Shelters have a limited number of cages, and new animals need space, food and care. Most shelters operate on a tight budget and depend on donations. Shelter work is a difficult and dirty job, which includes cleaning cages, dealing with noise, nurturing and loving the animals, and then killing them when there is not enough space.
What is a “reasonable” amount of time for a shelter to keep an animal? It depends on the animal. Some suffer so badly in a cage that one or two days is more than they can endure. Others adjust to being confined, but are not appealing to potential adopters. Too big, small, noisy, timid, old or young. Hair too long or short or the wrong color. Potential adopters are like shoppers in a store. They may look at dozens of “items” before they find one they want, and the rest of the “merchandise” at the shelter stays “on the shelf.” Stores can have a clearance sale, and then throw unsold items in a dumpster. Shelters resort to euthanasia.

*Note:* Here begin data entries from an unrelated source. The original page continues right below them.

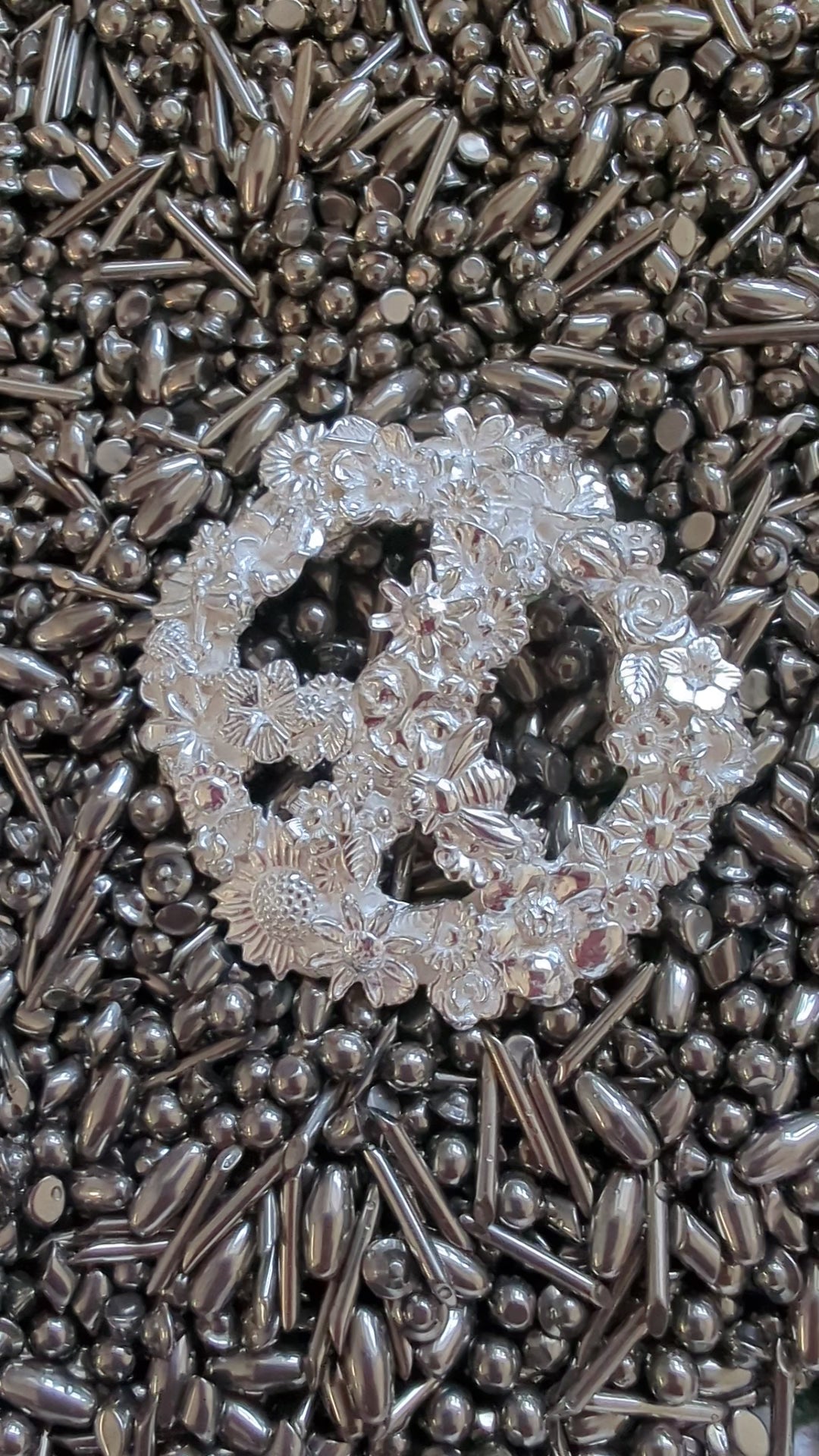 This is a statement piece of jewelry for sure. A hefty shiny silver peace sign will attract attention on it's own. But look more closely and you will see that this one is hand crafted of tiny flowers and pollinators from fine silver metal clay. But even closer inpection will turn the conversation into a full on debate when the face with the teardrop is finally noticed in the center! Yes, this is a bold piece for that bold moment!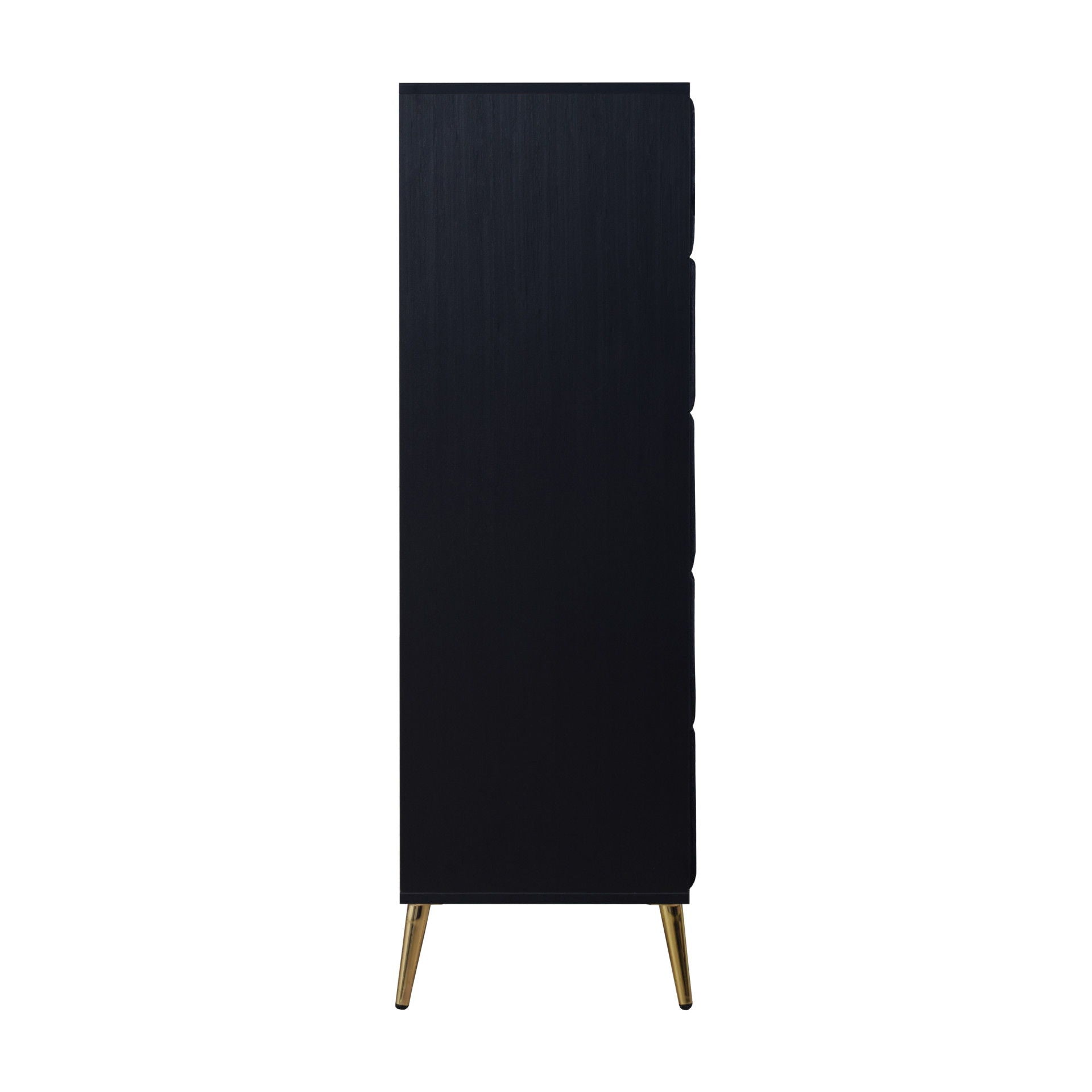The Kailani 5 Drawer Chest is a perfect blend of modern design, durability, and eco-friendly construction, making it an ideal addition to any bedroom. Expertly crafted from a mix of solid rubberwood, engineered wood, and eco-friendly decorative laminate, this chest offers lasting style and sustainability. The laminate finish not only enhances the chest's appearance but also provides superior resistance to scratches, moisture, and stains, ensuring its beauty with minimal maintenance. The chest features a modern minimalist design with clean lines, a sleek silhouette, and a chic ribbed texture, complemented by slim metallic handles and tapered legs that add both elegance and durability. The drawers, wrapped in luxurious 100% Polyester Velvet and accented by chrome pulls, bring a touch of sophisticated glamour to your space. Each drawer is designed for seamless functionality with fully finished interiors, full-extension slides, and dovetail joinery, providing smooth, snag-free storage and lasting strength. The Kailani 5 Drawer Chest combines style, function, and sustainability, making it a standout piece in any modern bedroom.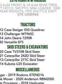 1986 Versatile7564wdTractor •Steiger280 Cougar4wdTractor •JohnDeere 46302wdTractor •Ford1920 Tractor •MinneapolisMolineM6702wdTractor •SECQ/C60inHydTiltExcavatorBucket• AlliedBuhler795 FrontEndLoader•3pt BaleSpear •Wolverine48inMiniSkidSteerAngleBroomw/Remote•Loftiness36030ftFlailMower• TillerSkidsteerAttachment •Skid-steerMower(Unused) HARVEST,SEEDING,TILLAGE,TILLAGE,SPRAYING,HAYING &LIVESTOCKEQUIPMENT

Is it fair? Of course not. Is killing homeless animals the right way to deal with the situation? Absolutely not! Wonderful animals become victims. Your dog was a victim. Was it the shelter’s fault? Should the shelter have kept your dog for more than three weeks? We don’t know which shelter, and we didn’t know your dog, so we can’t say for sure. Most shelters sincerely try to do the best they can for every animal who enters their doors. We’re sorry your dog did not find a good home. We truly hope he did not suffer. We hope this answers your question.